48 Question: “Regarding LFTB, is it likely that we will see continuing use of that product, or has that been destroyed?” Response: – See the preceding questions for related information. Bottom line: We are still learning about the market impacts but I suspect eventually some proportion of the previously accepted/transacted volumes of LFTB will characterize the retail market. That is, I’m neither expecting a “full ban” nor a “full recovery” of LFTB volumes even after the dust settles. Important lessons learned from situations such as that facilitated by Hy-Vee facilitating consumer choice will help guide exactly what portion of previous volume transactions “come back.”

49 Question: “What have you calculated as the cost to the industry resulting from the LFTB issue?” Response: Bottom line: This is not something I personally have calculated so I’m not in position to offer an “industry cost estimate” at this time.

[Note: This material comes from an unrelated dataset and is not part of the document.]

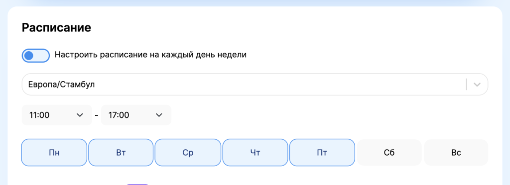 Как настроить простое расписание на всю неделю (например, пн-пт с 10:00 до 18:00)?

50 Question: “Have you determined whether heifer retnetion is taking place?” Response: – Dr. Derrell Peel very recently addressed this issue: html?ref=595 – In the Feb. 7 th webinar a detailed discussion of the January Cattle Inventory report, including estimated heifer retention, was discussed. This report indicated a 1.4% increase (year-over-year) in heifer retention, but note the previous year’s low base: – On July 20 th, the USDA is scheduled to release the July Cattle Inventory report: D=1017 Bottom line: This is a subject of much discussion with casual observation suggesting states N and W of KS possibly expanding heifer retention while states S and E of here have not necessarily sent this signal. The net impact nationally is less clear. In short, I don’t think the industry has “pulled the trigger” on national expansion yet but only time will tell if my perception is accurate.

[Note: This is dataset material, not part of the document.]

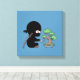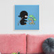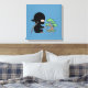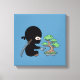Tiny Ninja Watering Bonsai Tree on Blue Leinwanddruck

51 Question: “are higher fed cattle weights the result of cattle being held back or other feeder objectives?” Response: – The industry has a multi-year history of increasing fed cattle weights. This reflects increasing efficiencies, changes in genetics and production practices, etc. which facilitate the optimal sales weight to increase over time. – In addition to this longer-term trend, the influence of placement weights (recall drought triggered differences in 11’ in S. Plains vs. N. Plains) and the value of a currently placed animal given concerns with availability of new placement candidates must be kept in mind. Bottom line: The increasing fed cattle weights reflect the industry’s incentives to optimize the lbs produced on each animal in the supply chain. This regularly drives more lbs/hook in processing plants, more lbs/bunk in the feedyard, and results in a net impact of more lbs/cow for the industry. I expect these economic drivers to persist going forward.